Мы поговорили гораздо позже, чем в этот день. Нам мешал слишком строгий контроль. Ире приходилось незамедлительно возвращаться после школы домой. За ней приходили родители. То мама, то папа.
Но в один из дней нас отпускают пораньше, и мы, наконец, говорим:
– Если бы я знала, что так получится, никогда не ушла. Я бы вернулась, вытащила тебя, забрала.
Губы Иры дрожат, от эмоций на ее лице мне хочется плакать.
– Поверь. Я не могла иначе. Родители. Они бы убили меня.
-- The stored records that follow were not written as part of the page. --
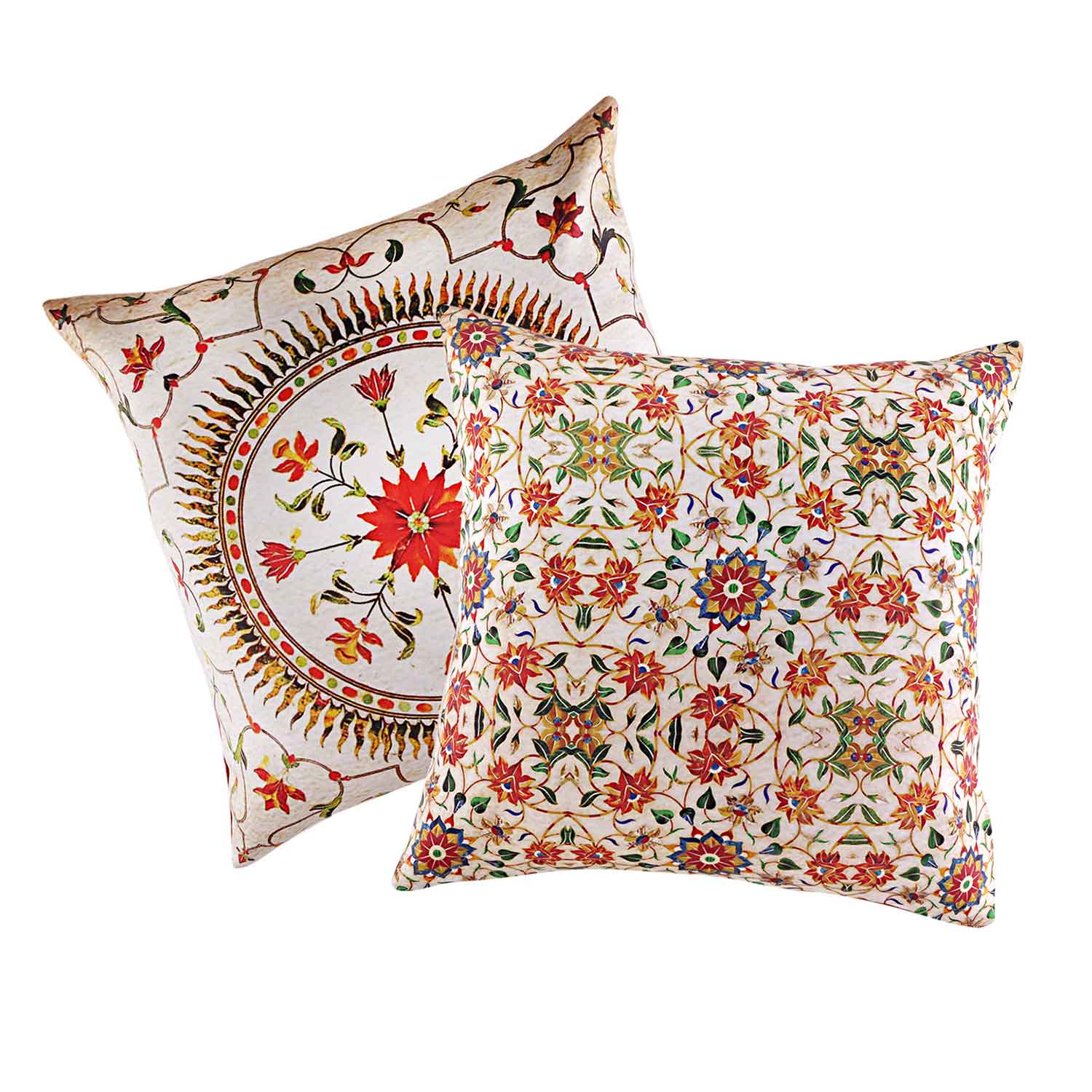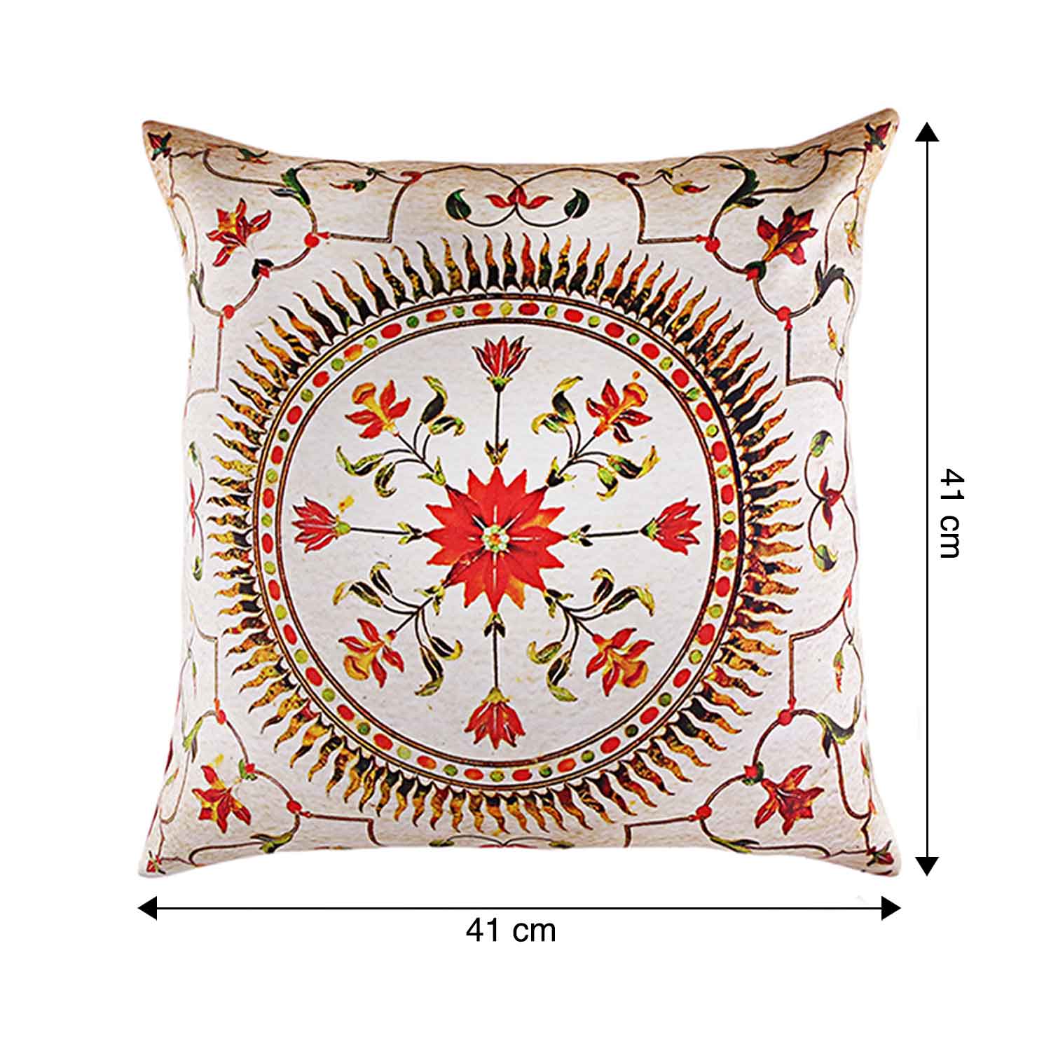 Ethnic designs meet contemporary silhouettes in this charming satin cushion cover. Digital print in the front with a solid back, and a flap stitch closure for the zipper. Add color to your favourite spaces with it in your bedroom, living room or even your car. Perfect for gifting purpose, be it any occasion or celebration.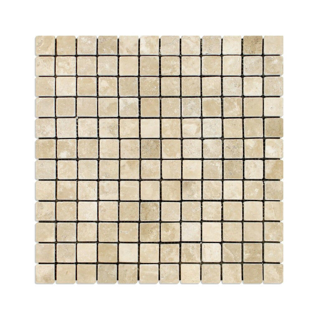 1x1 Durango Cream Travertine Tumbled Mosaic Tile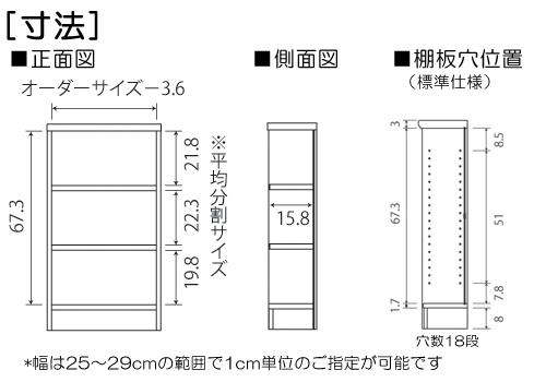 | ■外寸 | 奥行19cm×高さ80cm×幅25〜29cm (幅は1cm単位でオーダーできます) |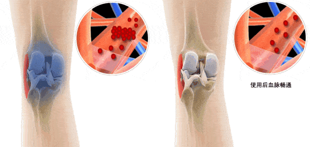 当膝盖被加热的时候,血管就会膨胀变粗,血液循环更充盈,可以输送更多营养进入关节腔,也可以把炎症因子更快地排出。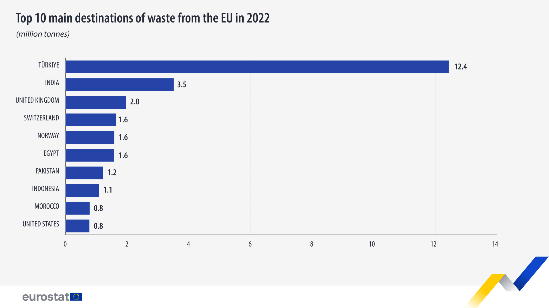 Η Τουρκία ήταν ο μεγαλύτερος προορισμός για τα απόβλητα που εξήχθησαν από την ΕΕ το 2022. Με όγκο 12,4 εκατομμυρίων τόνων, αντιστοιχούσε στο 39% των συνολικών εξαγωγών αποβλήτων.

Мне становится искренне жаль, что в тот вечер меня не наказали родители. Могли бы наорать, дать ремня, запретить гулять с подругами, выставить в подъезд до утра… С Ирой было бы гораздо легче общаться, быть с ней на равных. Почти. Но наказания не было.
– Я тебя не виню.
– Правда?
– Да.
Не верю ушам, глазам, разговору. Неужели такое возможно?
– И все же… Прости меня.
– Да все нормально.
– Простила?
– Да-да.
– Я тебя больше никогда не оставлю.
– Угу. Будешь думать.
Я счастлива, все не так плохо, но внутри почему-то осадок. То ли потому что Ира не слишком весела и открыта, то ли потому что в глубине души я не чувствую себя виноватой, но вынуждена это скрывать, добиваться ее дружбы, прощения.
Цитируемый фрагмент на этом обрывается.